Can you be saved by cricket?

Cricket: Care-free companion, compassionate counsellor
James Wallace by James Wallace
@Jimbo_Cricket 6 minute read

James Wallace on the comfort of cricket – even when it’s not around. First published in The Nightwatchman.

April 2020

There’s no one on the streets. The parks are empty. A Sunday calm. Is it Sunday? I can hear birds. And the breeze. Occasionally a lycra-clad figure can be glimpsed, passing the window in a blur of fluorescence, limbs moving swiftly, guiltily, as if they can feel the eyes on them. Another lone soul passes in the opposite direction, keeping a distance and clutching a canvas tote, an incongruous leopard-print scarf pulled high over his features. The solitary shopper makes me think of “Eleanor Rigby”.

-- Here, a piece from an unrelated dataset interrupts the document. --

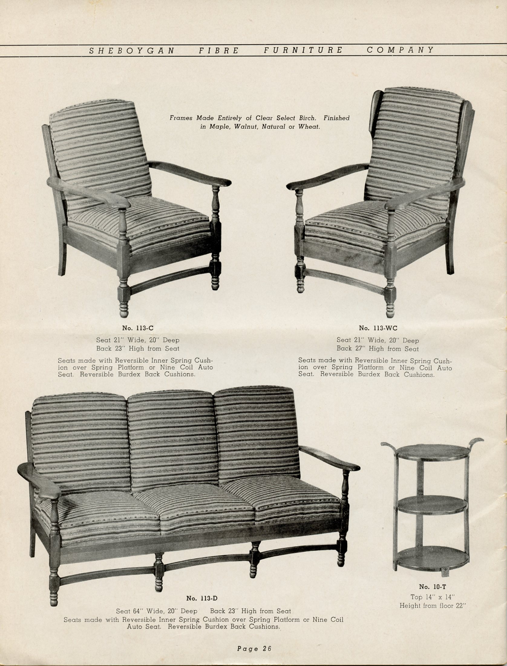 1942 Sheboygan Fibre Furniture Company Catalogue, Page 26.

My mind wanders. I think of the groundsman at The Oval. Scouring the seeds on the turf where no one will play. I don’t know his name. From my desk at work I’ve been watching him toil for the past six months. Struggling against the elements. Is he somewhere, struggling now?

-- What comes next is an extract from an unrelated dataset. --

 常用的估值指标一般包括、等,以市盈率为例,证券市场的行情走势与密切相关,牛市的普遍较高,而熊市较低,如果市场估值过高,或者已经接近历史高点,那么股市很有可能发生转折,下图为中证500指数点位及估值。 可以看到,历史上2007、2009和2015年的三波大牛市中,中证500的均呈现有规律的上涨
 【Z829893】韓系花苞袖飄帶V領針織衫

I’m going through one of my Beatles phases. My friend Tom is too. We have time on our hands. There’s a comfort in it.

There’s comfort in distraction. Music is distraction. Sport is distraction.

I think about cricket, again.

July 2019

I’m in a robust discussion with a bloke at a social gathering. Remember them? I think the guy is someone’s mate or date and they’ve wisely done a bunk and he is yet to twig. Even after some low-level Poirot-ing, everyone is still at a loss to know who he is. Rogue room meat. Orphan offal.

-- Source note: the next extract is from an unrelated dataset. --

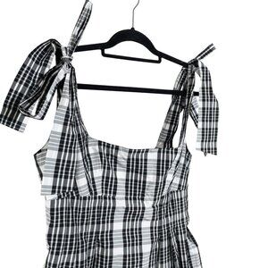 Anthropologie Black & White Plaid Square-Neck Tie-Strap Midi Dress Checkered M

He’s belching word-guff into the mid-summer evening air. A few of us have started to refer to him as “Chernob-head” and are taking it in turns to tag-team conversation with him until he realises his lonesome fate and skulks off. It’s my turn. It has been for an hour.

He’s noisily opining about the summer being a dead loss as there’s no major football tournament taking place to tide him over until the new season, all of six weeks away. He’s getting misty-eyed talking about a fan park in Streatham.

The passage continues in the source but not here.